Office sector experiences improvement in Q1

Office market conditions are gaining steam.

Interest in office space continued to improve during the first three months of the year, despite levels not being as strong as the fourth quarter of 2012.

Office absorption reached 3 million square feet during the first quarter, a report from Cassidy Turley explained. This was still much lower than the 23 million square feet of space during the previous three-month period, as well as the lowest level of net absorption since the recession ended.

Fundamentals spur office market growth
Despite this, the increase helped the market experience its third straight year of gains in the category, the report noted. The vacancy level for the market did not change, and was 15.4 percent during the quarter.

"Market fundamentals continue to improve, but at the same time, the office sector is clearly going through a transformation," said Kevin Thorpe, chief economist at Cassidy Turley. "Many businesses are reassessing space needs and recognizing they can function perfectly well with a smaller, more efficient footprint. As a result, job growth is not giving us the same pop in demand that we have grown accustomed to."

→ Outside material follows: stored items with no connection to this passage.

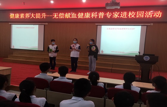 以提升全市居民健康素养水平为目标,以健康教育和健康促进为重点,引导市民树立“无偿献血、助人利己”的科学理念,青岛市中心血站再次举行了健康素养大提升——无偿献血健康科普进校园活动,6月28号下午,无偿献血健康科普走进青岛三十九中市北分校。
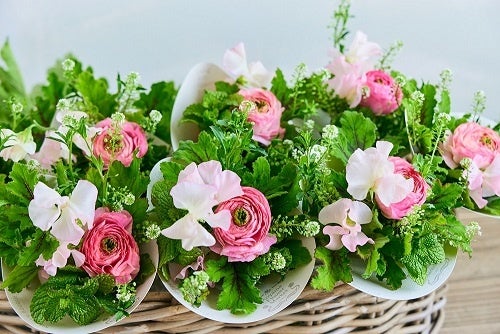 季節の花を中心に束ねた、日々の暮らしに取り入れやすい小さなブーケ。花瓶やグラスに飾れば簡単に「花のある生活」を楽しめます。 ※画像はキッチンブーケ。
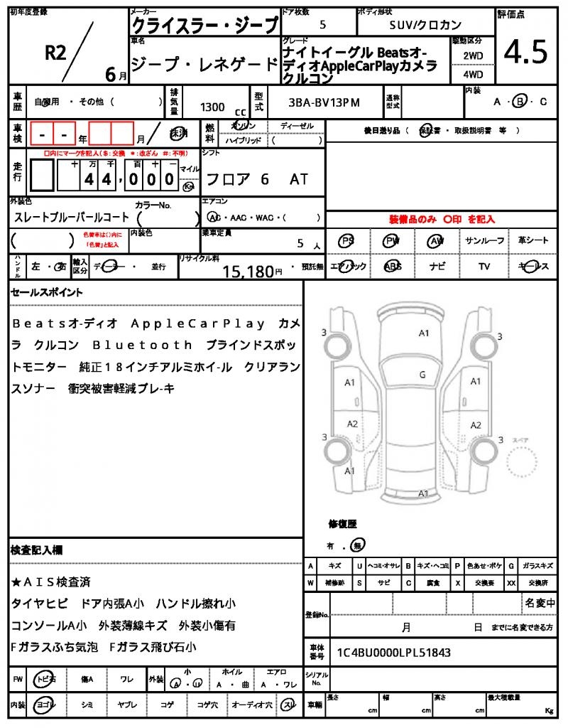 CHRYSLER JEEP | JEEP RENEGADE | 2020 | 1300 cc | ||||||||||||||||
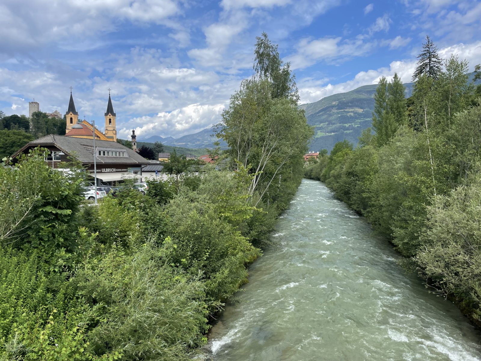 Na snídani se zdržím víc jak hodinu. Pak jdu na pokoj a pomalu se připravuju k odjezdu. Podle jízdenky domů, kterou jsem včera koupil, bych měl jet vlakem 12:30 do Lienzu ve východním Tyrolsku. Ale tento první spoj ze 4 není vázaný na konkrétní vlak, takže se rozhoduju jet už v 11:30 a tím pádem budu mít něco přes hodinu na procházku po Lienzu.
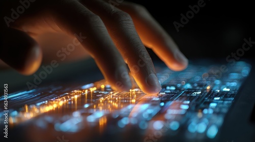 Finger touching glowing circuit board, technology and data connection

The strongest market in the country for demand was Dallas, the report explained. The city had approximately 728,000 square feet of net absorption. The second most was Tampa, which had 613,000 square feet and Boston rounded out the top three with 610,000 square feet. Denver, Minneapolis and Northern New Jersey were all higher than 400,000 square feet.

The highest performer for rent growth during the first quarter was New York City, which improved 11 percent compared to the first three months of 2012, the report added. Salt Lake City was only slightly lower, while the San Jose/Silicon Valley area had a rent growth rate of more than 10 percent.

Commercial mortgages perform well in 2012
While the office sector continues to improve, there was also notable gains in the commercial mortgage market. Overall loans had a return of more than 4.5 percent, according to the Gilberto-Levy Commercial Performance Index, cited by Commercial Property Executive.There were more than $25 billion in commercial mortgage originations through institutional lenders during the year, as well.

Office mortgages had more than one-quarter of the market share last year, the report added. Industrial loans had nearly 13 percent and apartments had 20 percent during the same period.